La tecnica del “two-hand tapping” è diventata una sua cifra stilistica. Come si riflette nella costruzione di pezzi come “Cathedrals”?
“È una libertà straordinaria. È come suonare il pianoforte, dove con la mano destra sviluppo la melodia, con la sinistra l’accompagnamento. Nella chitarra è più complesso, ma il tapping permette di creare un dialogo simultaneo tra le voci. Nel brano questa tecnica genera un’architettura sonora che richiama le grandi cattedrali”.

Note sacre e intimità sonora
Nella composizione si percepisce una ricerca di ispirazione spirituale attraverso la musica. Quanto del suo percorso personale vi è riflesso?
“La musica è lo specchio della nostra esistenza. Tutto ciò che viviamo, pensiamo, sentiamo trova espressione nelle note. Siamo costantemente attraversati da influenze invisibili e la musica diventa il linguaggio con cui restituiamo al mondo quel passaggio interiore. Anche quando non ce ne accorgiamo, viviamo immersi in un paesaggio sonoro: basta entrare in un caffè, e una melodia ci sfiora l’orecchio, e se bella, si insinua dentro di noi, lasciando una traccia.

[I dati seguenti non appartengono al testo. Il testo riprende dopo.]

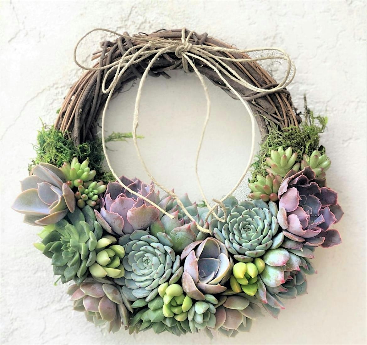 I’ll teach you all about these wonderful plants and how easy my homegrown succulents are to care for. Take home care cards are provided. You will have many choices on how to customize and create this unique and unusual grapevine wreath that will last for many seasons.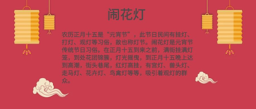 元宵節(jié),又稱上元節(jié)、小正月、元夕或燈節(jié),是中國的傳統(tǒng)節(jié)日之一,時(shí)間為每年農(nóng)歷正月十五。元宵佳節(jié)至,天涯共此時(shí)。元宵節(jié)是一年的第一個(gè)月圓之夜,也是大地回春的夜晚。這一天紅紅火火鬧元宵,既有闔家歡樂之情,又有慶賀新春延續(xù)之意。人們?cè)谶@一天也會(huì)進(jìn)行觀燈會(huì),猜燈謎,吃元宵等活動(dòng)。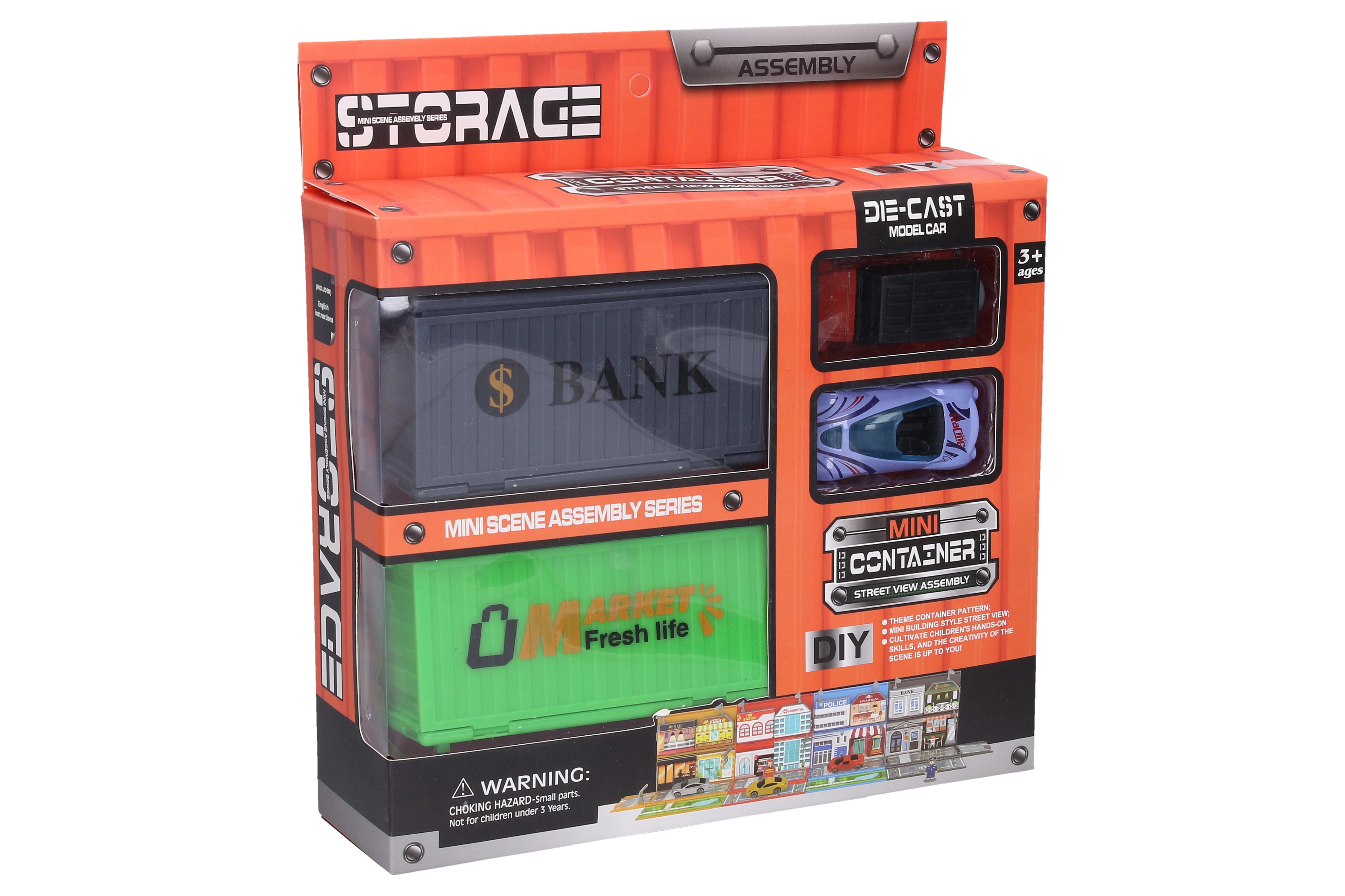 Kontejnerové město - 2 kontejnery. Velikost kontejneru 12,5 cm, auta 7 cm. Obsahuje 2 kontejnery, 2 kovová auta s volnými koly. Každý kontejner obsahuje 1 kovové auto, 2 budovy, 2 pouliční lampy, semafor, ulici, 2 figurky, polepy, obrázkový návod na sestavení. Více variant.

La musica non ha corpo, è impalpabile come l’aria, eppure necessaria. Ma oggi, con dispiacere, noto che la qualità musicale è spesso sacrificata. Un tempo la musica era un atto collettivo, un’intesa spontanea tra esseri umani che si ascoltavano e si univano nel suono. Oggi, troppo spesso, è soltanto un prodotto confezionato e il talento individuale sembra essere relegato all’ultimo posto”.

Il brano evoca atmosfere acustiche che ricordano l’ambiente di una chiesa…
“Esattamente. L’effetto di riverbero prolungato, quel suono che si espande nello spazio, richiama l’atmosfera di una chiesa. Quando si abbassa il suono e il tono persiste nel tempo, si sente quell’aura spirituale. È anche per questo che ho scelto il titolo ‘Cathedrals’. Ricordo con emozione un concerto tenuto una quindicina di anni fa in una magnifica chiesa nei pressi di Gorizia, in Italia. Il suono era talmente puro e naturale che non serviva alcuna amplificazione o effetto artificiale. Non ho mai più provato una sensazione acustica tanto perfetta”.

Esiste un luogo ideale per l’esecuzione della sua musica?
“Per me il luogo perfetto è quello in cui il suono è impeccabile. Oggi si tende a suonare a volumi eccessivi, in ambienti costruiti secoli fa, che non erano pensati per questa intensità sonora. È un paradosso. Occorre avere la consapevolezza di conoscere il limite oltre il quale il suono si distorce, diventa fastidio. Noi suoniamo per la gente, ma anche per noi stessi. Se non proviamo piacere nel farlo, difficilmente lo trasmetteremo. Quanto al pubblico, sono molto rigoroso, nel senso che preferisco suonare per tre persone in ascolto, attente e partecipi piuttosto che per 500 distratte. L’energia dell’ascoltatore nutre quella dell’esecutore”.